# What should you do to prepare for winter in an Illinois climate?



## 5chickens (Oct 30, 2014)

I had my 5 chickens for less than a year. My chickens never had a winter.


----------



## Fiere (Feb 26, 2014)

Well ventilated coop that moves the hot, moist air out over the birds, with no drafts in the walls that can blow on the birds. Birds handle the cold very well, but the dampness in conjunction with the cold will cause frostbite, and the drafts blowing on them will constantly part their feathers and as such let body heat escape. 
If you have a draft free coop with good ventilation, a nice dry bedding, and a wide flat roost, your birds will be fine.


----------



## 5chickens (Oct 30, 2014)

Thanks for the advice.

I hope it works


----------



## Fiere (Feb 26, 2014)

Works well for me.
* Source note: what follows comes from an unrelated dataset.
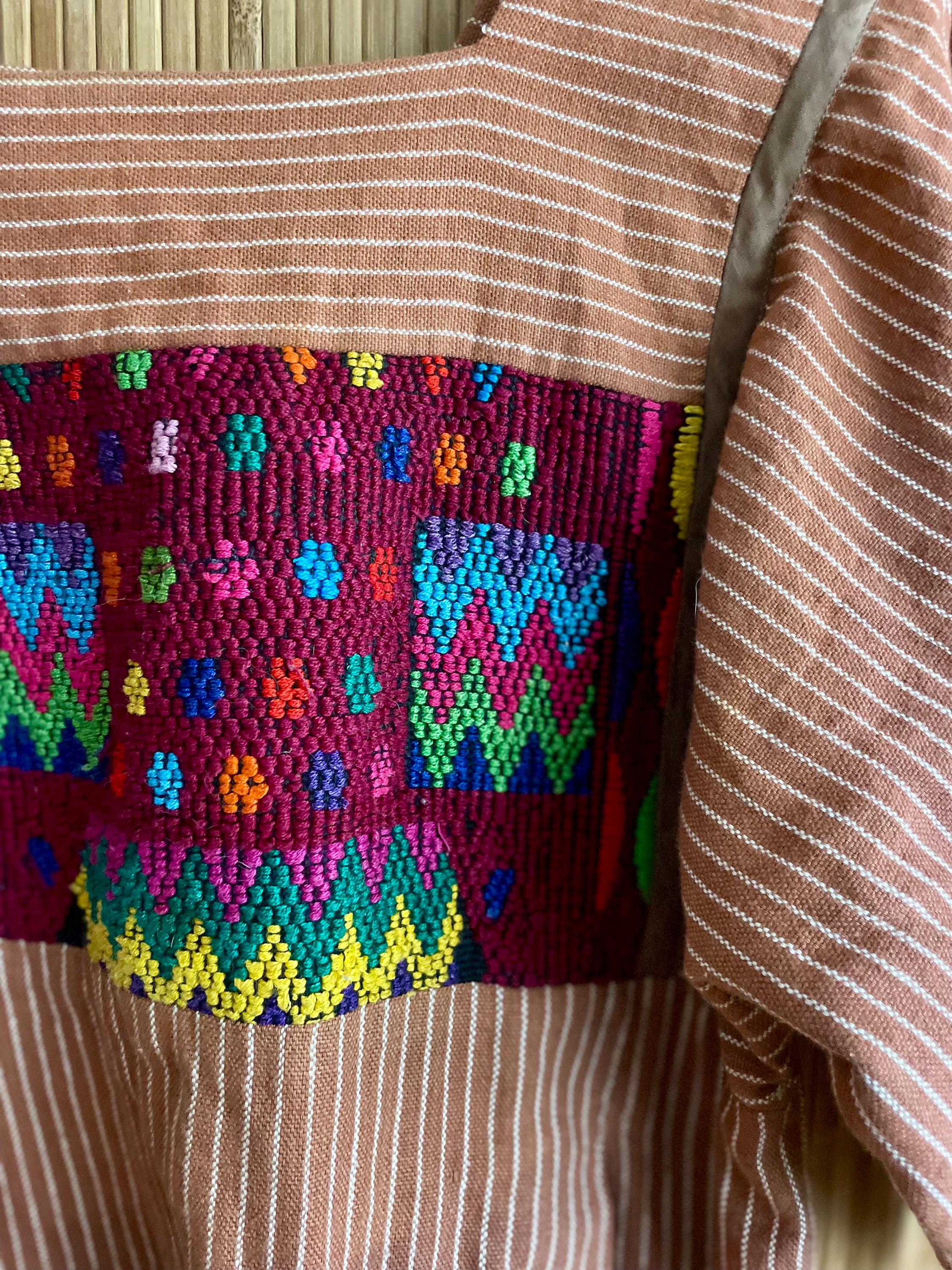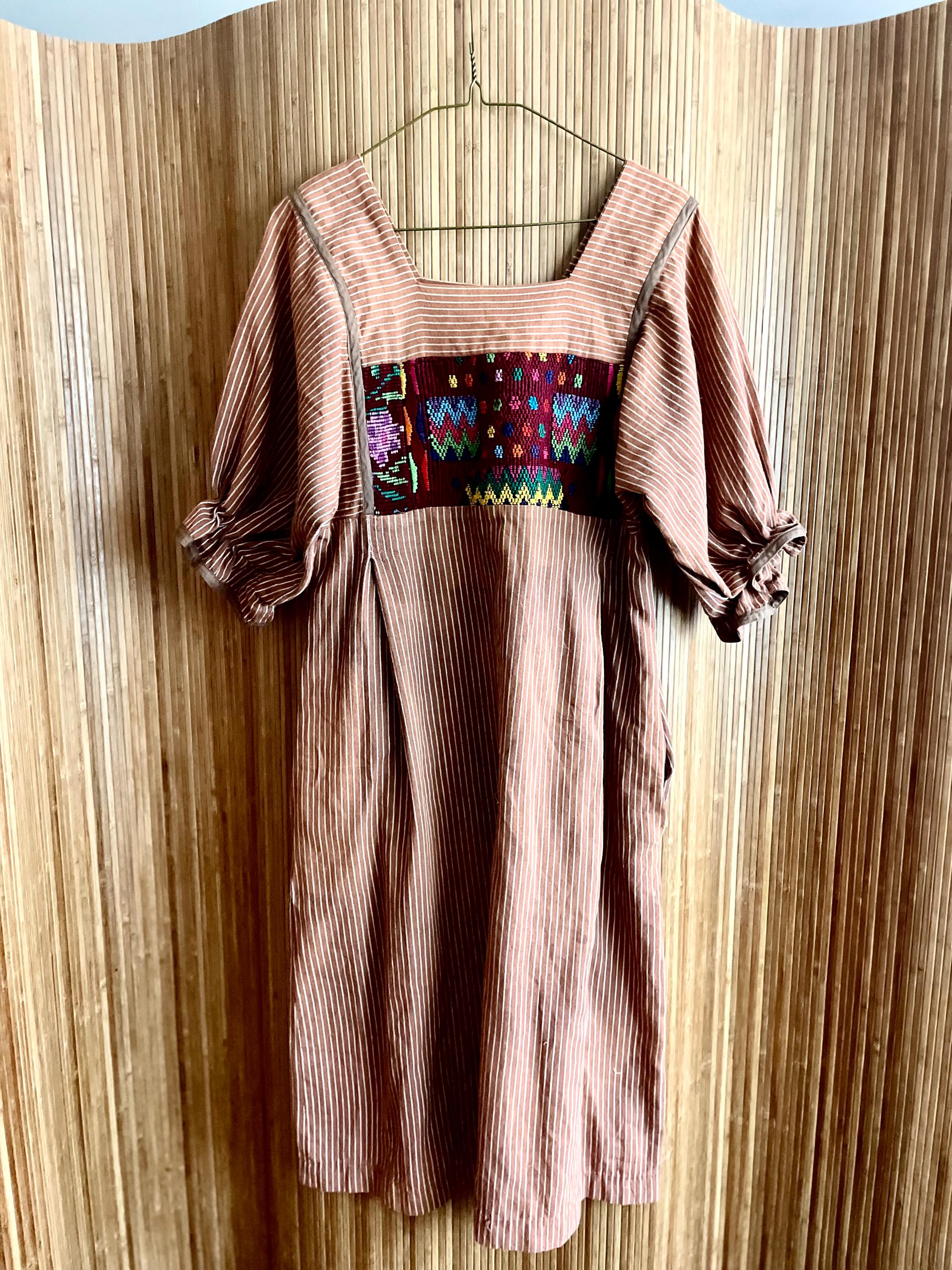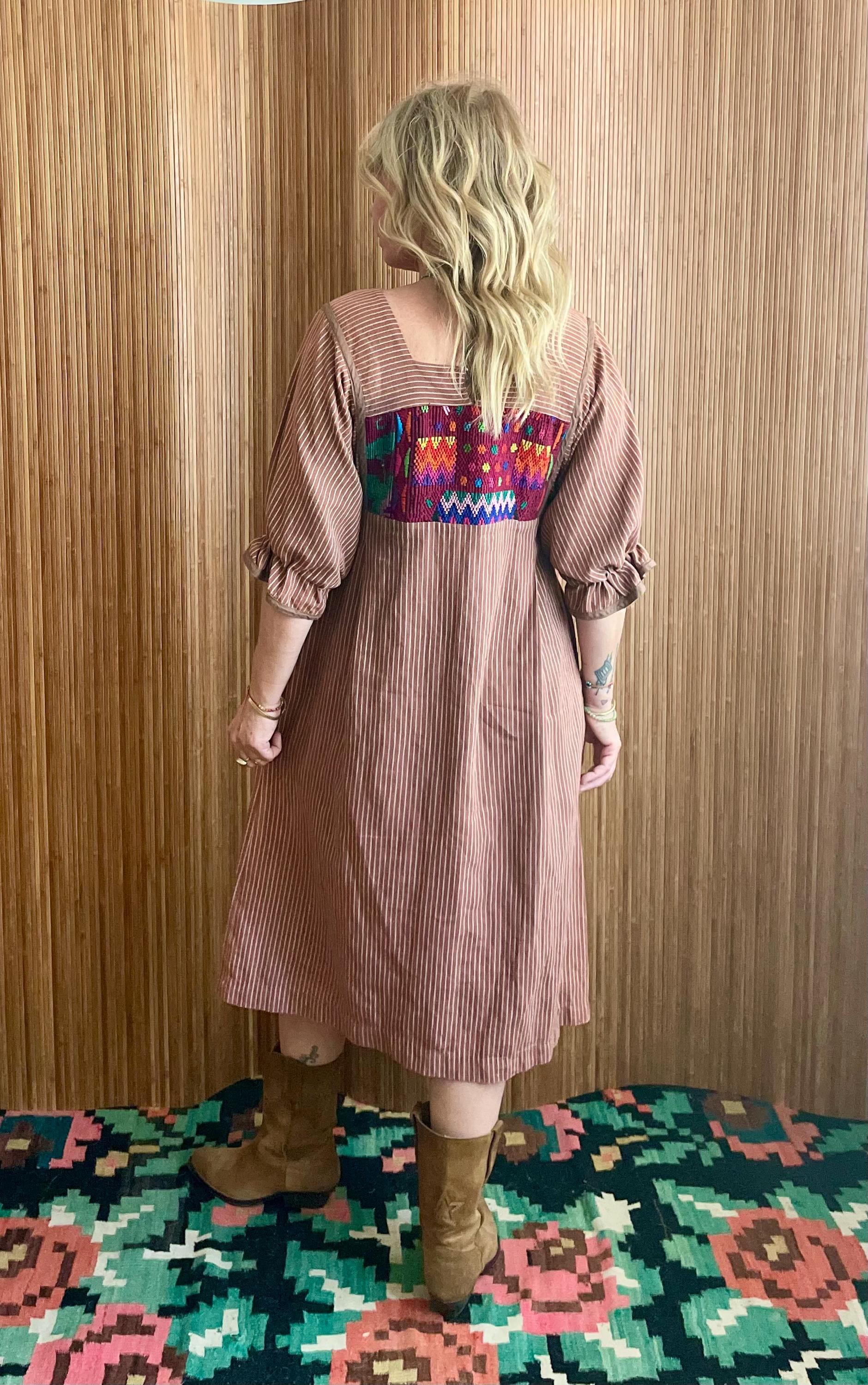 Discover this vintage hand-loomed 70s Guatemalan midi dress, a sweet piece of textile artistry. It features a distinctive embroidered panel on the top and a beautiful striped pattern. This unique dress captures the spirit of boho style. Designed to fit a size S, it's perfect for those who appreciate vintage, folk-inspired fashion.

I've never had a bird go down due to cold. I live on the east coast of Canada right next to the ocean, if it's one thing I experience it's cold and damp lol! Frostbite weather I calls it.


----------



## 5chickens (Oct 30, 2014)

My chickens loved eating the snow. I took them in the house a lot of times, because it was -30 degrees ( Fahrenheit)


----------



## robin416 (Sep 8, 2013)

The thing to watch for, is taking them in to a house when the temps are really low. You're asking them to go from low temps to what us humans need to stay warm. That kind of seesawing back and forth can be hard on them. 

About like its been here for me. 21 yesterday morning but 70 today then we'll go back to the cold again. Its so uncomfortable.


----------